Case management is about to feel completely different. Here’s why

For anyone who has ever worked in human services case management, the math is uncomfortably familiar. Hours that should belong to participants get pulled into documentation backlogs that stretch deep into the evening. Mornings that should start with the actual work begin instead with twenty minutes of scrolling through a participant’s history just to remember what happened last time. Reporting weeks turn into all-hands cleanup operations to fix data that should have been clean from the start. And every once in a while, a participant slips quietly out of the program before anyone notices the warning signs that, in hindsight, were there for weeks.
The gap between the mission a team signs up for and the administrative weight it carries is exactly what Bonterra Que for Apricot was built to close. Built directly into the Apricot platform, Que is an assistive intelligence layer that helps case managers and program staff move faster, see more clearly, and act with confidence. The goal is simple: less time on admin, more time with the people who need them.
Built into Apricot, built around your team
Bonterra Que is assistive AI built specifically for the work human services organizations do every day. Unlike general-purpose AI tools that sit outside your case management system, Que is embedded directly inside Apricot. Every skill it offers runs in the workflows your team already uses, with full respect for the permissions you already have in place. Staff access only what they are already authorized to see. Your data never leaves the secure Bonterra environment, and nothing is ever used to train external models.
Que is assistive, not autonomous. Every output is reviewed and approved by a human before anything is saved or acted on. The technology surfaces context, drafts content, and flags issues, but the case manager or program leader is the ultimate decision maker. That is not a footnote on the experience. It is the entire design philosophy underpinning Que, and it is what makes it safe to use in the high-trust environments human services organizations operate in.
Bonterra Que delivers value across four distinct skills inside Apricot. Here is what each one does and how to get the most out of it.
Participant Snapshot: Updated overviews in seconds
One Apricot user put it plainly during product research: “The part that takes the longest is just remembering what happened last time.”
Participant Snaphot solves that. The skill surfaces an AI-generated summary of recent participant activity directly inside Apricot, distilling the last two to four entries into a clear, readable paragraph alongside recent activity and any urgent actions worth knowing before an interaction. For a higher-risk participant, the snapshot may flat items that need immediate action. For those making steady progress, it confirms things are on track and highlights what to carry into the conversation.
Use it right before a home visit, the morning you pick up a colleague’s caseload, or the minute before a supervision check-in. It is not a replacement for the full record when the situation calls for it, but it is a fast and dependable way to walk into any conversation prepared. The full case history is always one click away when you want to go deeper.

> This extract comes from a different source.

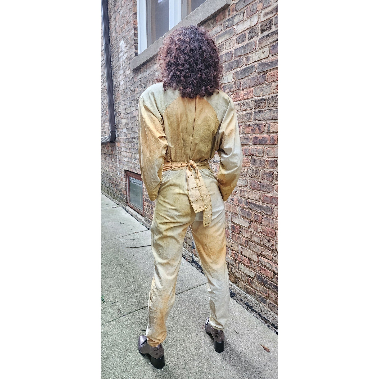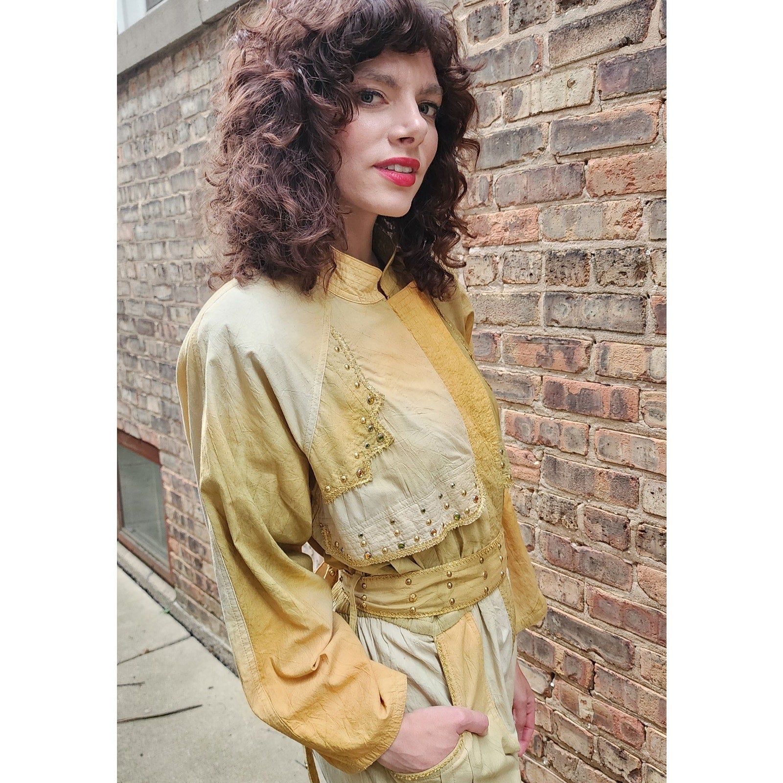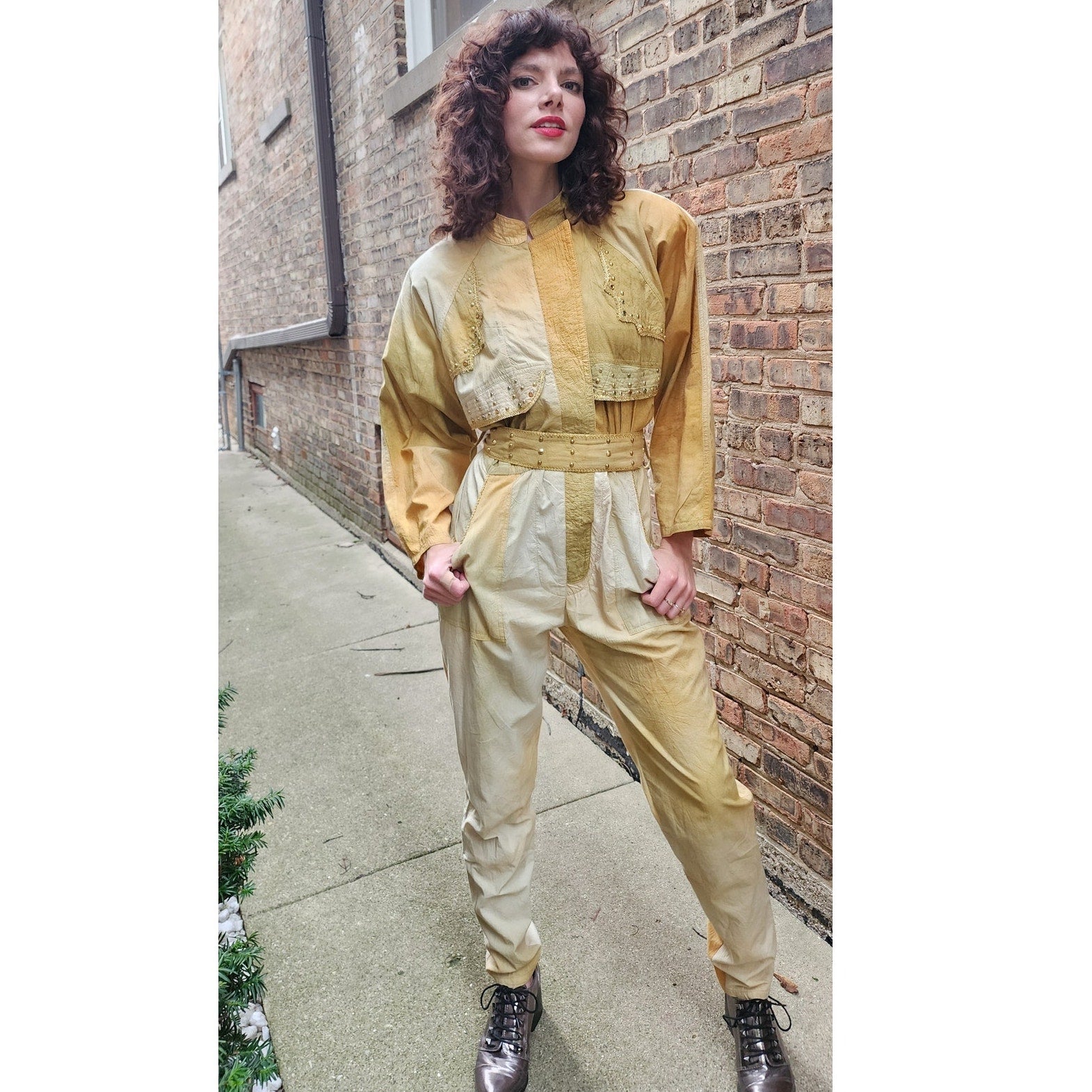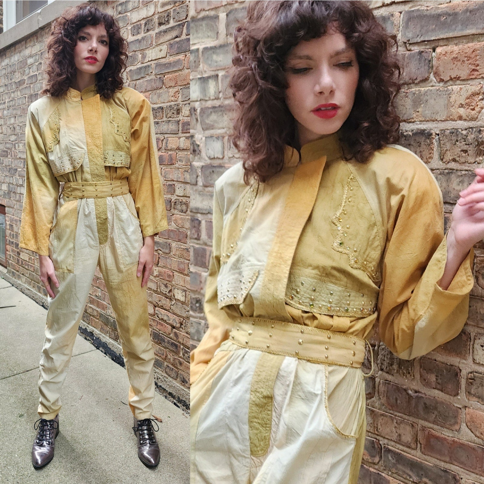 Vintage 80s Jumpsuit Yellow Gold Ombre w/Embroidered Studs Varda Garfinkel

Note Capture: Turn any interaction into a finished form
“Workers are spending entire days catching up on documentation instead of helping clients.”
The quote came directly from a customer during discovery. Another described how her outreach team blocked off Tuesday for note-writing while crisis calls came into the office that those exact people should have been responding to. The documentation burden is not a minor inconvenience. It pulls people away from the work they were hired to do.
Note Capture gives the time back. A case manager can speak or type observations after a participant interaction, and Que will automatically map them to the correct fields across any mobile-enabled form in Apricot, whether that is a case note, an assessment, an incident report, or a service record. Que produces a complete draft. The case manager reviews and approves it before anything is saved.
The skill works in the office, in the field, in the community, and in environments with limited connectivity. The work gets done where the work actually happens.
A few habits make the difference between good output and great output. Capture your notes right after the interaction while the conversation is still fresh. Speak naturally and in complete sentences. You do not have to dictate field names or use unnatural phrasing for Que to route the content correctly. And always review the draft carefully before approving. That review step is the design feature that keeps the record trustworthy.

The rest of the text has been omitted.